Kiwibank’s parent company, Kiwi Group Capital Limited (KGC), has decided not to proceed with the previously signalled equity capital raise.
The changes to the Reserve Bank of New Zealand’s capital requirements, combined with Kiwibank’s recent highly successful $400 million Tier 2 capital raise at an attractive price, means that Kiwibank can now continue its strong growth without the need for additional equity.
While prospective investor feedback has been positive on Kiwibank’s performance and strategy, it appeared unlikely by the time of the Reserve Bank’s announcement that terms would be able to be agreed with prospective investors that would meet KGC’s objectives for the transaction.

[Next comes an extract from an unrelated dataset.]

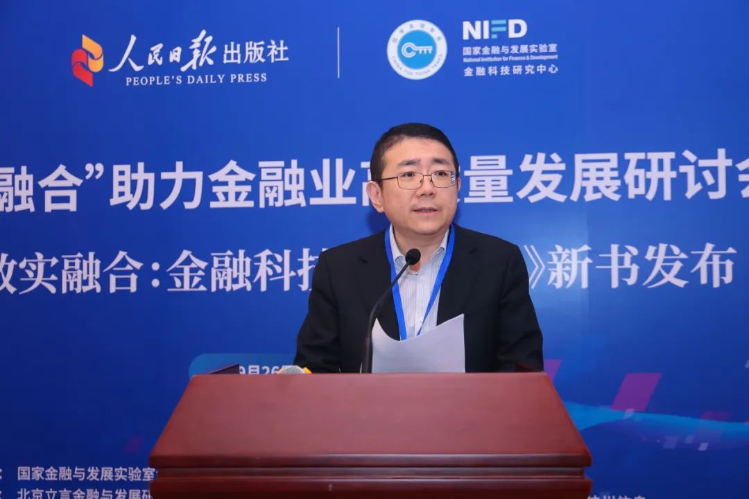 人民日报出版社总编辑丁丁在致辞中对各位与会嘉宾表示热烈欢迎,并向学术指导单位国家金融与发展实验室金融科技研究中心及主办单位北京立言金融与发展研究院表示衷心感谢,向《数实融合:金融科技创新实践》一书的两位主编杨涛先生和马洪杰先生,以及金融科技50人论坛(CFT50)致以崇高的敬意。他回顾了人民日报出版社与CFT50的合作历程,强调双方在金融领域的深度合作,已出版多本优质图书。他详细解读了新书《数实融合:金融科技创新实践》的内涵。他指出,书中收录了30篇案例,内容涵盖了从大数据、人工智能,到物联网、云计算,再到生物识别技术等多种技术形式,全方位地服务实体经济。书中深入挖掘了金融科技在乡村振兴、提升惠民服务、小微金融服务等领域的细节,实现了纵向和横向的全面覆盖。这些案例不仅为监管部门、金融机构、相关产业提供了重要参考,也为国内外院校的教学和科研提供了丰富的教材。他坚信,这将极大地促进我国金融科技的健康发展,为产业升级和创新贡献力量。最后,他表示,人民日报出版社将继续秉持以读者为中心的理念,致力于向社会各界提供优质图书,为提升全民各方面的素养贡献力量。
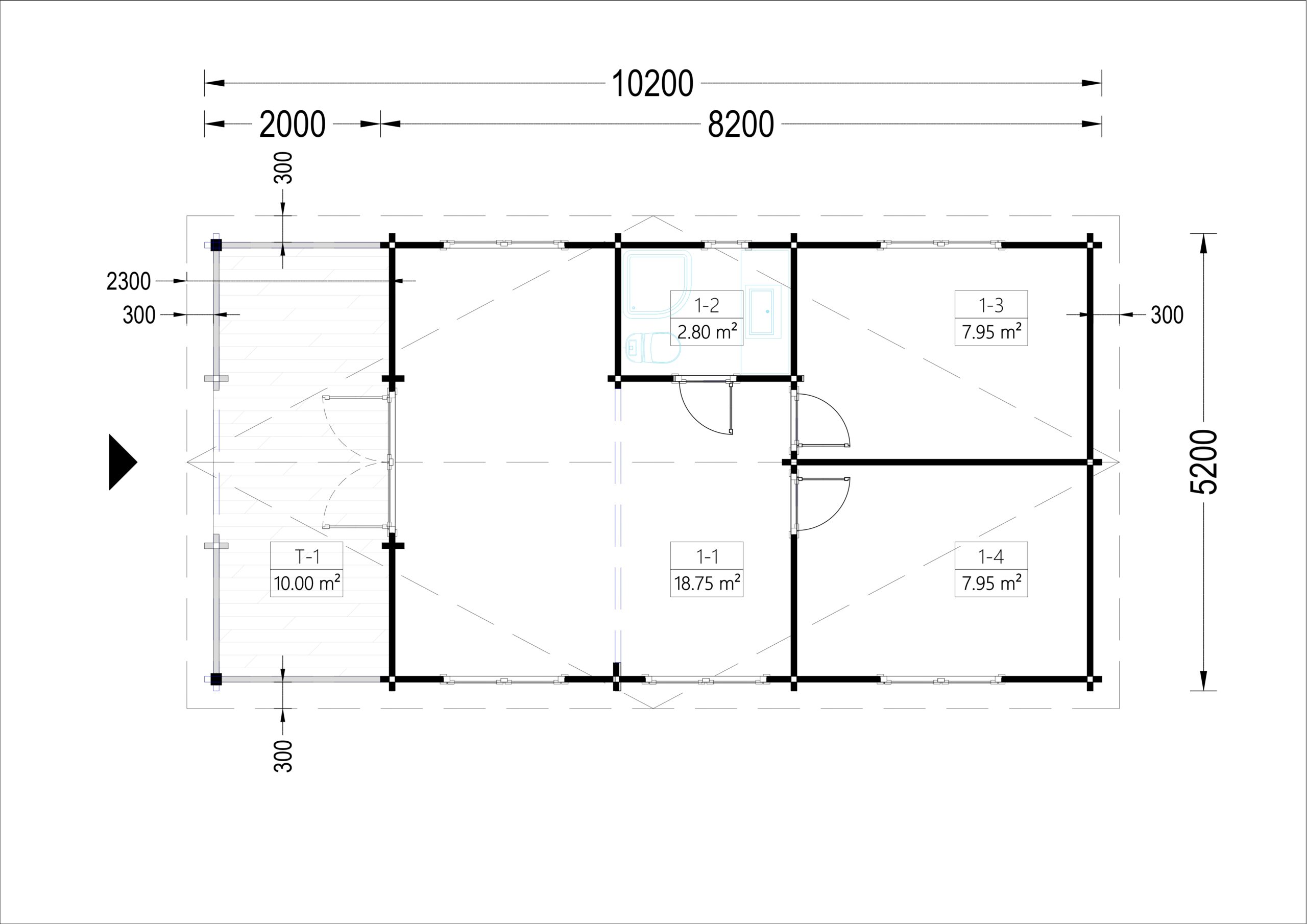 Blockbohlenhaus HANNES (66 mm) 42 m²

Kiwibank remains committed to its Purpose of Kiwi making Kiwi better off and building a more dynamic, competitive banking sector that works harder for New Zealanders.
Additional notes
- Reserve Bank capital changes: The Reserve Bank of New Zealand has revised its capital settings, reducing equity requirements for banks. These changes acknowledge that previous settings disproportionately impacted smaller banks and help create a more level playing field, consistent with recommendations from the Commerce Commission’s market study and the Finance and Expenditure Committee’s review into banking. Kiwibank has long advocated for a more proportionate framework, but when the capital raise process was initiated, it was unclear whether these settings would be reviewed. The new rules, combined with the successful Tier 2 capital raise, mean Kiwibank now has sufficient capital to maintain its growth strategy and continue challenging the larger banks.
- Successful Tier 2 capital raise: In December 2025, Kiwibank issued NZ$400 million of unsecured subordinated notes (Tier 2 Capital) on the NZX Debt Market. This transaction strengthens Kiwibank’s regulatory capital position and demonstrates strong investor confidence in its strategy.